I am not very familiar with scanning a PES for a bulk structure, and I'd be very appreciative for some suggestions.
The potential energy surface (PES) is a 3N-dimensional function for a bulk system containing N atoms (in reality 3N-3 to account for the trivial translational degrees of freedom). For a bulk structure, N typically represents the number of atoms in a simualtion cell with periodic boundary conditions, which is of the order of $10^2$-$10^3$, so the function is of very high dimension. The number $10^2$-$10^3$ comes from a typical DFT calculation; if you use cheaper methods (e.g. force fields) then that number can be larger, or if the method is more expensive (e.g. quantum chemistry) then the number is somewhat smaller. In any case, you are sampling a high dimensional function, which is an extremely hard problem.

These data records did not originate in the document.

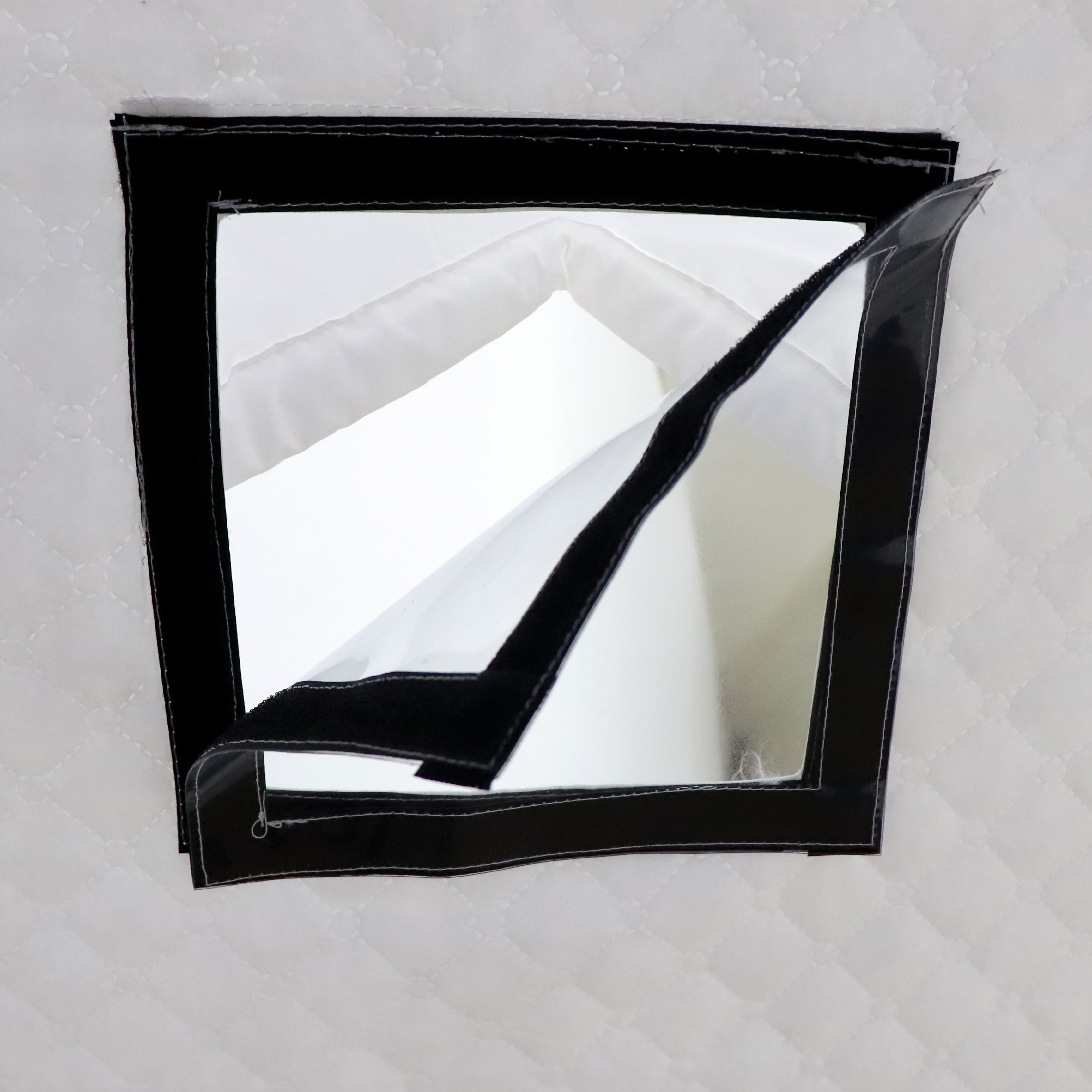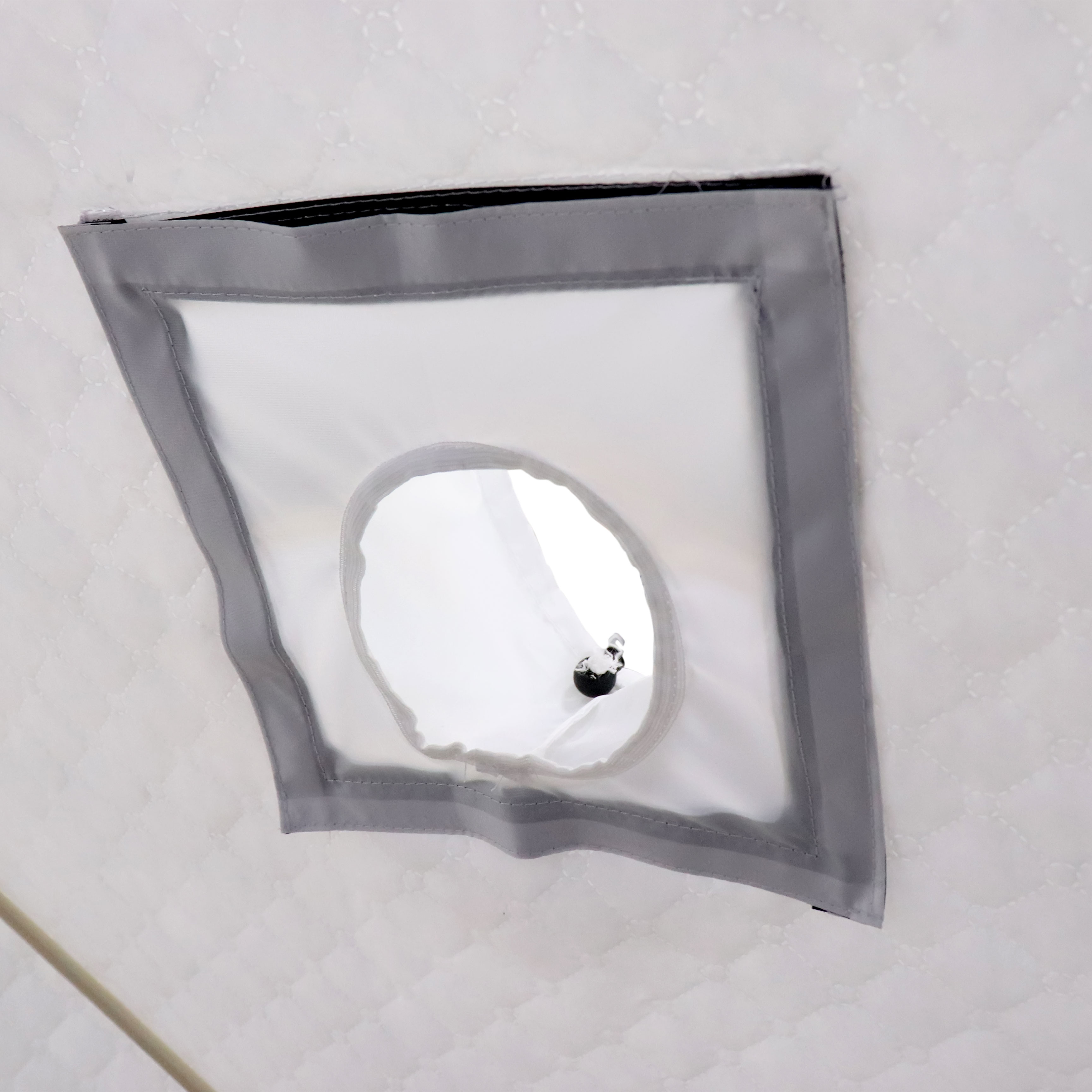 Зимняя палатка «Следопыт «Куб» обеспечивает комфорт на рыбалке в зимнее время года. Благодаря системе крепления дуг «хабы» палатки очень быстро переводятся из транспортного положения в рабочее состояние. «Хаб» выполнен из морозостойкого, ударопрочного материала - нейлона (полиамида). Разложить палатку удается всего за несколько минут. Каркас изготовлен из прочного стеклопластикового прутка d 10 мм. В качестве материала для тента использована надежная ткань Oxford 210D PU1000, она дублируется с подкладочной тканью «термостежка», подкладка 190Т с синтепоном 80 г/кв.м. Такой материал отличается высокой мягкостью, прочностью, а также долго удерживает тепло. В нижней части к тенту пришита внешняя юбка. Внутри палатки предусмотрены карманы для хранения рыболовных мелочей. Для хорошего освещения внутреннего пространства в тент встроены окна, которые выполнены из прозрачной пленки ПВХ 500мк. А для создания комфортного микроклимата внутри закрытой палатки имеется вытяжной клапан.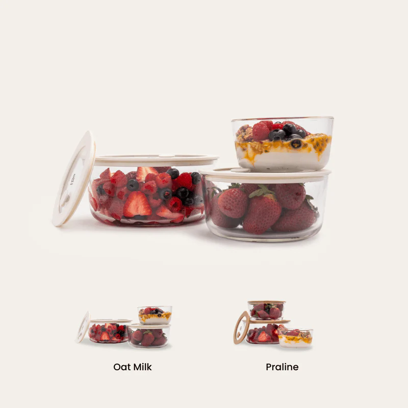 Glass Food Containers | Oat Milk Round Mixed 3pk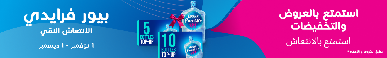 نستله بيور لايف 6 لتر(2 زجاجة بالشرنك)تأتي زجاجات مياه نستله بيور لايف ٦ لتر في زجاجة بلاستيكية ذات حجم مناسب لسهولة شرب المياه في البيت أو في السفر ، ولتحضير المشروبات أو الطبخ. هناك أيضًا أحجام إضافية للزجاجات مصممة لتناسب كل استخدام ، سواء كنت تبحث عن الترطيب ، تناول وجبة ، أثناء ممارسة الرياضة أو الشغل أو الاسترخاء في البيت تخضع مياه نستله بيور لايف المعبأة ل١٠ خطوات جودة كجزء من التزامنا بتوفير مياه نقية ونظيفة. مزودة بمزيج خفيف من المعادن لطعم منعش وطبيعي هي المياه المعبأة رقم ١ في مصر. روح خطوة أبعد٦٠٫٠٠EGP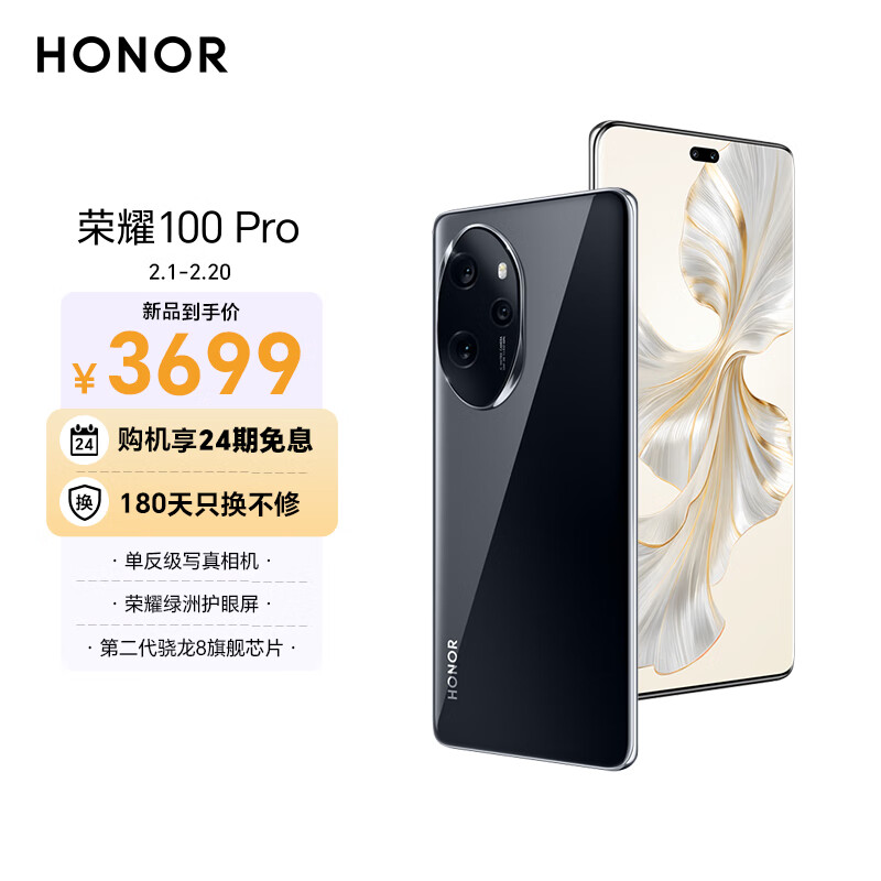 荣耀100 Pro 单反级主摄 荣耀绿洲护眼屏 第二代骁龙8旗舰芯片 立体声双扬声器 OIS 16+256 亮黑色 5G价格:3699.00元!

So what can be done to scan this potential energy surface? These are a few options:
- Phonon calculations. A (meta)stable bulk structure sits at a local minimum of the PES. A phonon calculation determines the Hessian around this minimum, that is, the curvature of the PES around the minimum. Phonon calculations are relatively straight-forward to perform (say at the DFT level), and typically provide very useful information about the low-energy part of the PES. This is useful for calculating thermodynamic properties of a crystal at relatively low temperatures (when atoms do not move very far away from the minimum). One can explore a little further away by including terms beyond the second derivative in the expansion about the minimum (referred to as anharmonic terms), but these still essentially give a local view of the PES around the minimum.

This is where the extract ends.